La vente à bas prix de produits copiés conçus en Asie menace les parts de marché des fabricants de compatibles et des marques en Europe. Face à cette attaque foudroyante, les premiers ont déjà commencé à s'organiser en attendant que les secondes s'emparent réellement du problème.
Il y a péril en la demeure. Après les Etats-Unis d'où ils ont fini par être chassés, les fabricants de consommables clonés basés en Chine et en Asie du Sud-Est se sont lancés à l'assaut du marché européen. Vendus à bas prix, ces produits neufs ont tous pour point commun de violer les brevets déposés par les fabricants de produits d'origine telle que HP, Xerox, Ricoh... A cette infraction peut s'ajouter le fait que leurs packagings arborent indument la marque d'un grand fournisseur ou la mention « compatible ». Très tôt victimes de l'arrivée de ces produits en Europe, les fabricants de consommables remanufacturés (ou compatibles) ont été les premiers à tirer la sonnette d'alarme. « Cela fait un an un à un en et demi que nous constatons une progression continue de la vente de ces produits », s'alarme Vicent Van Dijk, le secrétaire général de l'ETIRA (association européenne des fabricants de toners et de cartouches d'encre remanufacturés). Et à en croire Régis Thébaud, le directeur des opérations du groupe Armor, un membre de l'Etira, les dégâts sont déjà importants : « En moins deux ans, les cartouches clonées ont fait disparaître les fournisseurs locaux de consommables remanufacturés en Espagne. En Italie, on estime qu'elles ont pris 50% du marché des consommables, hors marques d'origine.» Selon l'ETIRA, l'Europe du Sud et de l'Est sont les principales zones touchées. Mais, d'autres pays comme la France sont déjà ciblés et pourraient voir la situation se dégrader d'avantage si rien n'est fait.

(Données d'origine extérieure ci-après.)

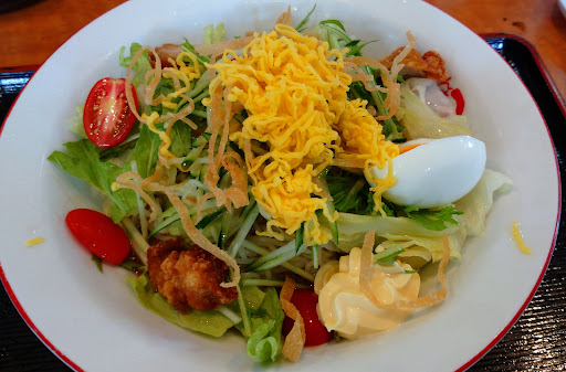 Read more昼に江南市内の中華料理店に行ったら、コロナの影響で夜のみの営業になっておりガックリ⤵️。 行きに建物が新しくなったこの店の前を通りかかり5年ぶりに訪問です。 ちょっと夏バテ気味で冷たい冷やし中華が食べたい。 メニューを見てみると冷たいメニューはざる中華もある。 ご飯まではいらないので、私は「冷やし中華」(税込780円)、嫁さんは「ら~めん」(税込550円)に「餃子」(税込340円)を2人前注文しメニューを待ちます。 店は盛況で満席。カウンターに隣り合って座りました。 まず餃子が登場。 8個もついている。 1個1個が小振りですが皮パリに焼かれたこの餃子は美味しいです。 嫁さんのら~めんがまず登場。 550円で薄いチャーシューが入り、これだけの内容なら安い。 昔ながらの中華そばの感じでメニュー選択に失敗したかと後悔かな⁉️ 私の冷やし中華も時期に登場。 マヨネーズ付きがこの付近の定番で、ここは最初から盛り付けてあります。 レタス、ミニトマトがシャキシャキで美味いし、麺が細麺で酸味のきいたタレと合わさり、昔ながらの冷やし中華の味ですが、チャーシューの代わりが唐揚げ‥。 これは私にとっては残念です。 やはりチャーシューのがいいなあ⁉️ 昔からあるこの店。 涼しくなったらまたあの懐かしのら~めんをいた...
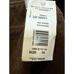 This corduroy skirt from Harvé Benard is a perfect addition to your wardrobe. The brown color adds a touch of warmth to your outfit, while the stretch feature ensures a comfortable fit. The skirt is designed with a solid pattern and features button and zipper accents, adding a touch of detail to your look. This short skirt is perfect for any occasion, whether it's a festival, hippie, bohemian, or preppy themed event. The skirt is made of high-quality fabric and is available in size 16. Please refer to the photos for more details on the style of the skirt.
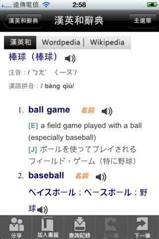 太讚了!早前的詞典全部也是英文為主,這次限免的《遠流多語字典通》是一套漢英詞典 App,收錄多 30 萬字詞資料,也提供 Text to Speech 擬真人發音功能!《遠流多語字典通》是台灣首部透過語料探戡結合人機合作所編輯的多語字典,所有內容皆經過專業編輯,為製作嚴謹的字典。
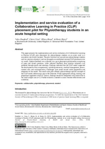 Dunford, A., Uren, C., Blunt, H. and Harry, R., 2025. Implementation and service evaluation of a Collaborative Learning in Practice (CLiP) placement pilot for Physiotherapy students in an acute hospital setting. International Journal of Practice-Based Learning in Health and Social Care, 13 (2), 15-30.
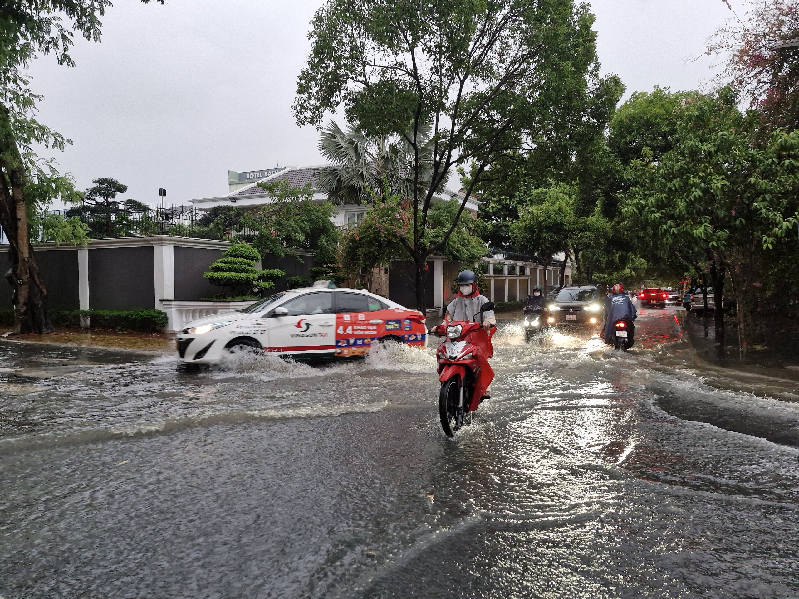 “Khu vực này cứ mưa xuống là ngập, mưa nhỏ thì ngập ít, mưa to thì ngập nhiều và ngập rất nhanh, tôi mới chạy một đoạn đã thấy nước ngang bánh xe", bà Phan Nga, ngụ gần chợ Thủ Đức nói.

Les remanufactureurs organisent la lutte seuls en attendant les marques
A l'origine, les fabricants de cartouches clonées asiatiques concevaient des consommables remanufacturés exportés en Europe et aux Etats-Unis. Mais pour pouvoir produire ce type de produit, encore faut-il disposer de cartouches d'origine usagées. Faire des consommables neufs s'avérant finalement plus simple, ils se sont mis à produire des cartouches de ce type en attaquant initialement le territoire américain. Outre-Atlantique, les grandes marques ont fini par réagir en intentant des actions en justice et obtenir l'arrêt de la vente de cartouches clonées venues d'Asie. « Les fabricants de produits d'origine ont beaucoup plus de difficultés à mener ce type d'actions en Europe, explique Vicent Van Dijk. Aux Etats-Unis, une seule procédure est valable pour l'ensemble du territoire. En Europe, il faut lancer autant d'actions en justice qu'il y a de pays et donc de brevets déposés ». Mais là n'est pas le seul problème. Selon l'ETIRA, le manque de volonté dont ont fait preuve jusqu'ici les fabricants de cartouches d'origine a laissé le champ relativement libre aux fabricants de cartouches clonées. « Les grandes marques pensaient que les clones chinois allaient surtout prendre des parts de marché aux fabricants de produits remanufacturés. Mais c'est une erreur car dans des pays comme l'Espagne, les produits clonés commencent à prendre des parts de marché aux cartouches et toners d'origine », constate Régis Thébaud. « Cela fait quelques mois que les grandes marques se réveillent, pondère Vicent Van Dijk. Mais il va falloir attendre encore un certains temps avant qu'elles n'intentent massivement des actions car elles veulent être sûres que leurs attaques reposeront sur des bases juridiques solides.»
Des importateurs et des distributeurs sous surveillance
En attendant que les marques bougent et à défaut de pouvoir
Régis Thébaud
Armor Group
intenter des actions à leur place, les fabricants de produits remanufacturés sont déjà passés à l'attaque. Pour agir, ils se basent sur le fait que les produits clonés portent souvent la mention compatible. Les fabricants de clones étant basés hors des frontières européennes, ce sont donc leurs relais commerciaux en Europe que l'ETIRA et ses membres surveillent. « Depuis 18 mois, nous avons attaqués des importateurs et des distributeurs en pointant le fait que la mention compatible qui apparaît sur des produits clonés qu'ils revendent constituait une tromperie pour les consommateurs », relate Vicent Van Dijk. Et lorsque les marques se réveilleront, ce seront les mêmes importateurs et distributeurs qui se retrouveront de nouveau dans le collimateur. « Si nous ne bougeons pas, les distributeurs pourraient penser qu'ils ne courent aucun danger, au risque que les plus importants d'entre se mettent à commercialiser du consommables clonés et nous mettent encore plus en danger », conclut vincent Van Dijk.